Raw data »
Content starts

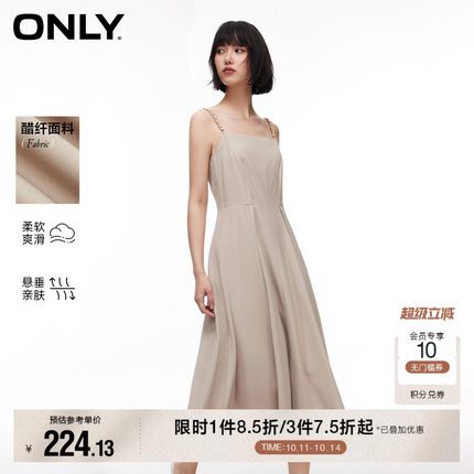 【ONLY奥莱】夏季通勤休闲高腰吊带中长裙伞裙连衣裙女
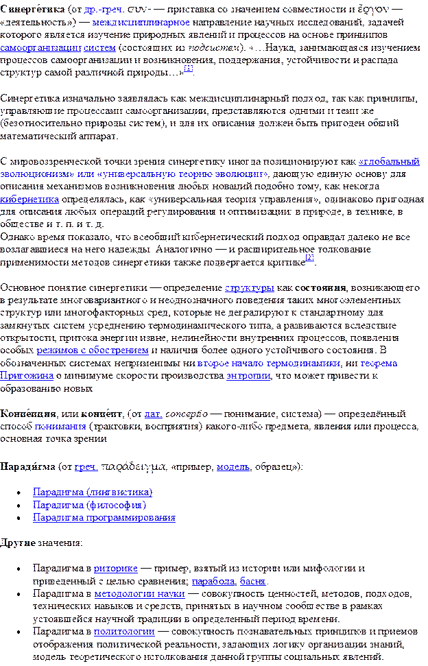- Парадигма в методологии науки — совокупность ценностей, методов, подходов, технических навыков и средств, принятых в научном сообществе в рамках устоявшейся научной традиции в определенный период времени.
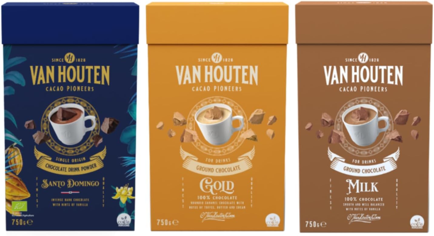 THESE ARE THE 6 FLAVOURS OF THE VAN HOUTEN GROUND CHOCOLATE FLAKES BEST FOR HOT AND COLD DRINKS. HALAL AND KOSHER CERTIFIED PLUS NON-GMO. INCLUDES THE FLAVOURS OF : INTENSE DARK GROUND MILK GROUND GOLD GROUND RUBY GROUND WHITE GROUND SANTO DOMINGO
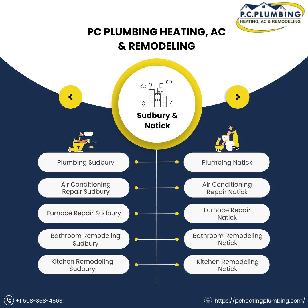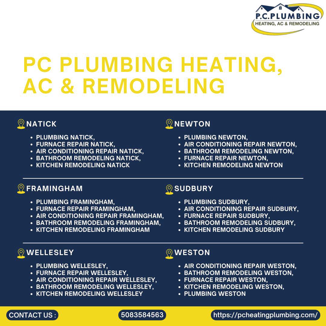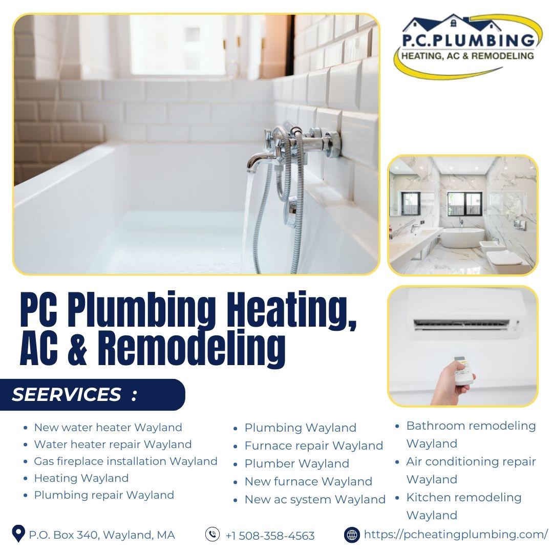 Expert Plumbing Services: PC Plumbing, Heating, AC & Remodeling is your trusted partner for all plumbing needs across Wayland, Sudbury, and Framingham. As your reliable Plumber Wayland, we handle every aspect of Plumbing Wayland, from routine Plumbing Repair Wayland to specialized installations. We're experts in New Water Heater Wayland and efficient Water Heater Repair Wayland, ensuring you always have hot water. Beyond Wayland, our skilled team provides comprehensive Plumbing Sudbury and Plumbing Framingham services, addressing everything from leaky faucets to complex pipe issues with precision and care.

Content ends

Work to be completed » Your answer must be the exact lines from the start of the data through the line with "THESE ARE THE", inclusive, and nothing else; pictures do not belong in it.

Response »
 【ONLY奥莱】夏季通勤休闲高腰吊带中长裙伞裙连衣裙女
- Парадигма в методологии науки — совокупность ценностей, методов, подходов, технических навыков и средств, принятых в научном сообществе в рамках устоявшейся научной традиции в определенный период времени.
 THESE ARE THE 6 FLAVOURS OF THE VAN HOUTEN GROUND CHOCOLATE FLAKES BEST FOR HOT AND COLD DRINKS. HALAL AND KOSHER CERTIFIED PLUS NON-GMO. INCLUDES THE FLAVOURS OF : INTENSE DARK GROUND MILK GROUND GOLD GROUND RUBY GROUND WHITE GROUND SANTO DOMINGO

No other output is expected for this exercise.